If you checked out science news sites last week, you might have seen rumors of a major scientific discovery set to be announced Monday. The rumors said the discovery, if true, would be a shoe-in for a Nobel Prize. (Via The Guardian, Popular Science, Universe Today)
The rumors turned out to be true, but come Monday, there wasn't a peep on the discovery from CNN, Fox News, or MSNBC. And it's not hard to grasp why: turns out it's really, really hard to explain.
The discovery deals with the Big Bang, and specifically what happened in the tiny fractions of a second immediately after the universe began. It's a time period scientists would love to get a closer look at, because understanding what happened in those first few moments could reveal whole new kinds of physics.
Using a telescope at the South Pole and technical and scientific expertise from more than a dozen universities and organizations, like Stanford University, NASA and the Harvard-Smithsonian Center for Astrophysics, researchers now say they've gotten the earliest-ever look at that critical time period. (Via Wikimedia Commons / Christopher Michel)
A detailed explanation is way over our heads, so here's the quick and dirty version.
Scientists have known the universe is expanding since Edwin Hubble observed the galaxies moving away from each other in 1929. The expansion continues to this day, and Harvard researchers discovering in 1998 that the expansion is actually getting faster and faster. (Via NASA, Harvard-Smithsonian Center for Astrophysics)

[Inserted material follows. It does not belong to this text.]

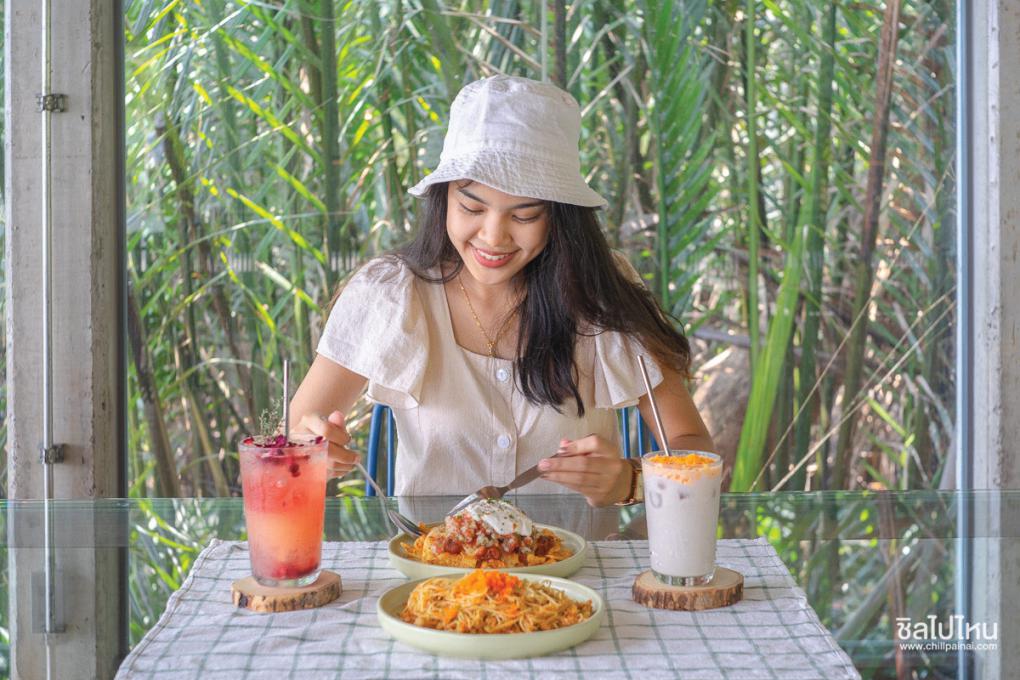 ทำกิจกรรมกันแบบเต็มอิ่มกันแล้ว ก็ถึงเวลาที่ท้องจะต้องอิ่มกันบ้าง ! ไปค่ะ มุ่งหน้าไปยังร้าน Hiddenwoods Café คาเฟ่ลึกลับท่ามกลางต้นไม้ใหญ่ บรรยากาศร่มรื่น ลมพัดเย็นสบาย แถมยังมีมุมถ่ายรูปเยอะมาก จะถ่ายมุมไหนก็สวยก็เลิศ แต่มุมที่ต้องมาถ่าย คือ ทางเดินตรงซุ้มต้นจาก ที่ถ่ายรูปออกมายังไงก็สวย ตอนนี้ท้องร้องดังละ เข้าไปกินอาหารกันเลยดีกว่า
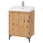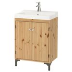 Выразительная природная фактура массива сосны придает каждому предмету мебели индивидуальный облик. Регулируемые опоры обеспечивают устойчивость и защищают от сырости на полу. Отличное решение для небольших помещений. Смеситель продается отдельно.

But in 1980, physicist Alan Guth put forward that, during the universe's first moments, and for an unimaginably brief period of time, the rate of expansion surged to incredible speeds before slowing back down again. (Via NASA)

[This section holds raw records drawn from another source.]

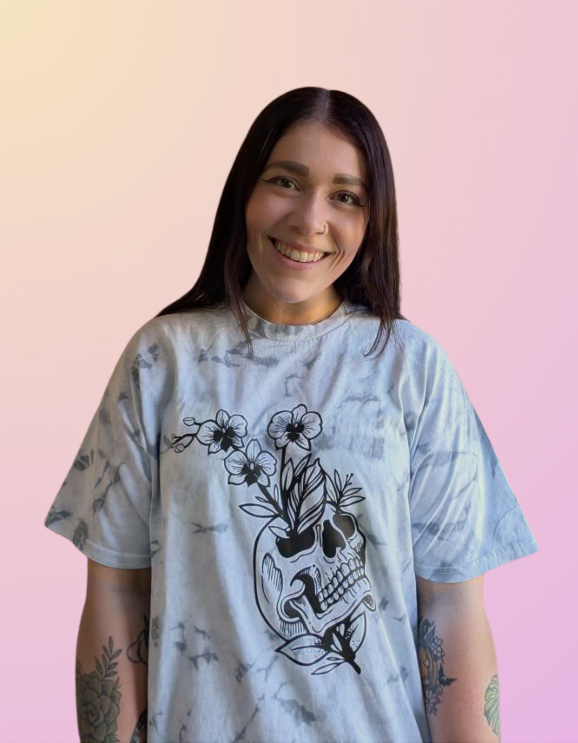 Crystal dye silver tee, black "Orchid Skull" logo.
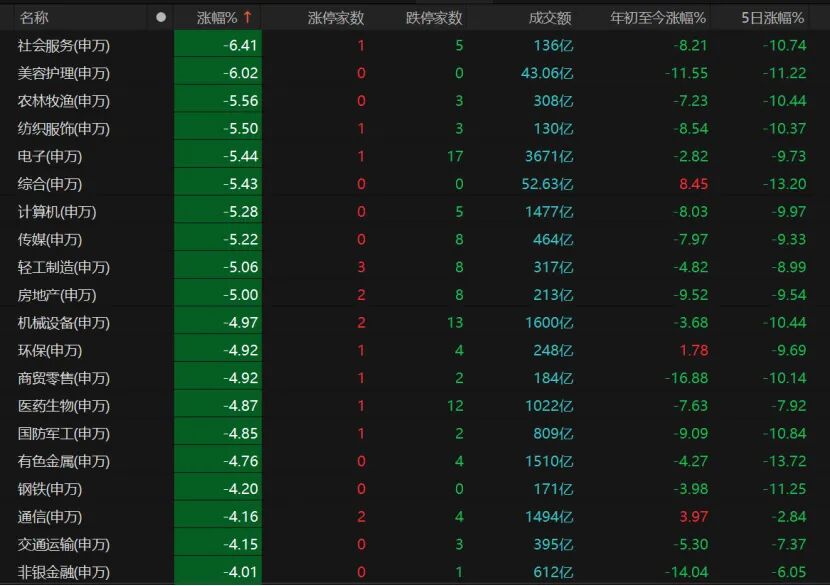 31个申万一级行业中,仅煤炭、石油石化微红,公用事业、电力设备、汽车、基础化工跌幅低于3%。20个板块跌幅在4%以上,社会服务、美容护理板块跌逾6%,农林牧渔、纺织服饰、电子、综合、计算机板块均大跌。
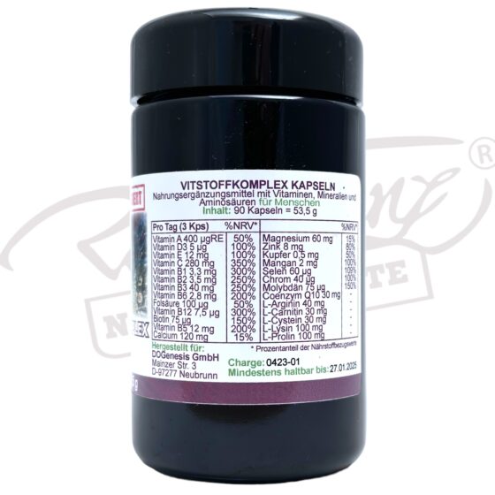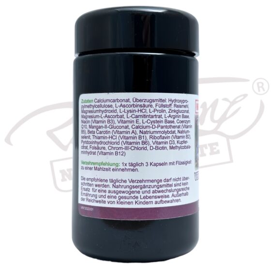 Zutaten: Calciumcarbonat, Kapselhülle Hydroxypropylmethylcellulose, Citrus Fruchtextrakt, L-Ascorbinsäure, Magnesiumhydroxid, L-Lysin-HCl, L-Prolin, L-Ascorbylpalmitat, Zinkgluconat, Magnesium-L-Ascorbat, L-Carnitintartrat, L-Arginin Base, Niacin (Vitamin B3), Vitamin E, L-Cystein Base, Coenzym Q10, Reismehl, Mangan-II-Gluconat, Calcium-D-Pantothenat (Vitamin B5), Beta Carotin (Vitamin A), Natriummolybdat, Natriumselenit, Thiamin-HCl (Vitamin B1), Riboflavin (Vitamin B2), Pyridoxinhydrochlorid (Vitamin B6), Vitamin D3, Kupfercitrat, Folsäure, Chrom-III-Chlorid, D-Biotin, Methylcobalaminhydrat (Vitamin B12)

Now, that animation from NASA showing this inflationary phase is a bit misleading because it shows galaxies. The best estimates we could find are that the universe started that time period at billionths the size of a proton and ended somewhere around the size of a golf ball.

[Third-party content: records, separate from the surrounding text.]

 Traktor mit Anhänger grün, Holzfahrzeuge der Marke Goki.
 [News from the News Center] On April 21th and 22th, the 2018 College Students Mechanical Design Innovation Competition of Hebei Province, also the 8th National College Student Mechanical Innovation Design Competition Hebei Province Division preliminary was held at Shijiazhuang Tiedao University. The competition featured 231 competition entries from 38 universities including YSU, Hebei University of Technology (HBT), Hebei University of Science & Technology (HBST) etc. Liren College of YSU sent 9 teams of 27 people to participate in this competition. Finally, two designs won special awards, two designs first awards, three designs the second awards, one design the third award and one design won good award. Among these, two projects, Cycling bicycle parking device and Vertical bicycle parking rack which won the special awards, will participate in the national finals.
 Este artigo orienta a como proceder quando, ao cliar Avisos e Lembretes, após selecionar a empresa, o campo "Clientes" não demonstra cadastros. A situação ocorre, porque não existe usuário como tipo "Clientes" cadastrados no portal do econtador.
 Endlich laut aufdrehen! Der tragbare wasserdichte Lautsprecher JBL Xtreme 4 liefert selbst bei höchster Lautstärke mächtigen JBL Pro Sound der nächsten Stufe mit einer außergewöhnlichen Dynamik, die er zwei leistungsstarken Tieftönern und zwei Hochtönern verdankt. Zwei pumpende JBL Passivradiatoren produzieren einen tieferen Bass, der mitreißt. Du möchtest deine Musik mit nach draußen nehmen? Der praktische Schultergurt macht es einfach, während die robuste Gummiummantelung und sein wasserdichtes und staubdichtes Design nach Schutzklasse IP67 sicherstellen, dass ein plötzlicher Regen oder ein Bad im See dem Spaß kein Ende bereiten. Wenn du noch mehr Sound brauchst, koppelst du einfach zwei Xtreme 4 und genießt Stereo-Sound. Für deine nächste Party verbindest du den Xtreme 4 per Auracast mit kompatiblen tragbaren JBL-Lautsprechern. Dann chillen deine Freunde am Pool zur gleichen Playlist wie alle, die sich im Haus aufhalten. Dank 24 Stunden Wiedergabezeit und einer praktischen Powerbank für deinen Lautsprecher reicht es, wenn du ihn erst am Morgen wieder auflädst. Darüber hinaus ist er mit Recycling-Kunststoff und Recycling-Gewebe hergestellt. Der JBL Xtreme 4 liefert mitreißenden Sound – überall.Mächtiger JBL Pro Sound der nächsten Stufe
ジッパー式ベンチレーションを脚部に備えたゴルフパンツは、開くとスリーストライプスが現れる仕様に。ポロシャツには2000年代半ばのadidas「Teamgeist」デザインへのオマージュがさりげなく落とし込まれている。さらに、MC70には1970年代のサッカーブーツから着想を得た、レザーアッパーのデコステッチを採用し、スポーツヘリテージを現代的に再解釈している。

Monday's discovery is that gravitational waves caused by that inflation are still around today, and have been observed for the first time. That's where it gets really tricky to explain. (Via Harvard-Smithsonian Center for Astrophysics)
In trying to illustrate what gravitational waves are, The Guardian compared them to "tiny waves on a lake – from far away, the lake's surface looks glassy smooth; only up very close can the details of the surface be seen."
The BBC went another route. "I've got a sock here which I can try and illustrate with you. Basically, when these waves go through the universe they stretch and squeeze it like that."
We couldn't find a way to explain gravitational waves with anything more mundane than a sock. But perhaps neither we nor most broadcast journalists fully understand that part of it anyway.
So what does it all mean, and what implications does this have for physics? Well, out of all the theories of inflation out there, the findings point to one in particular, meaning scientists can now focus more in that direction.
Slate's resident astronomer Phil Plait points out the findings could help reconcile Einstein's theory of relativity with the field of quantum mechanics. And physicist Lawrence Krauss got all poetic about it.
"This is not only a Nobel Prize, but this is a game changer. ... It turns metaphysics and speculation into hard science." (Via KAET)
Of course, that's all assuming the findings hold up. With something this important, other experiments will need to confirm it. But for physicist Andrei Linde, who predicted this discovery back in the 1980's, this is about the most affirmation you can get. Stanford provided a video of him hearing the news for the first time.
"If this is true, this is a moment of understanding of nature of such a magnitude that it just overwhelms."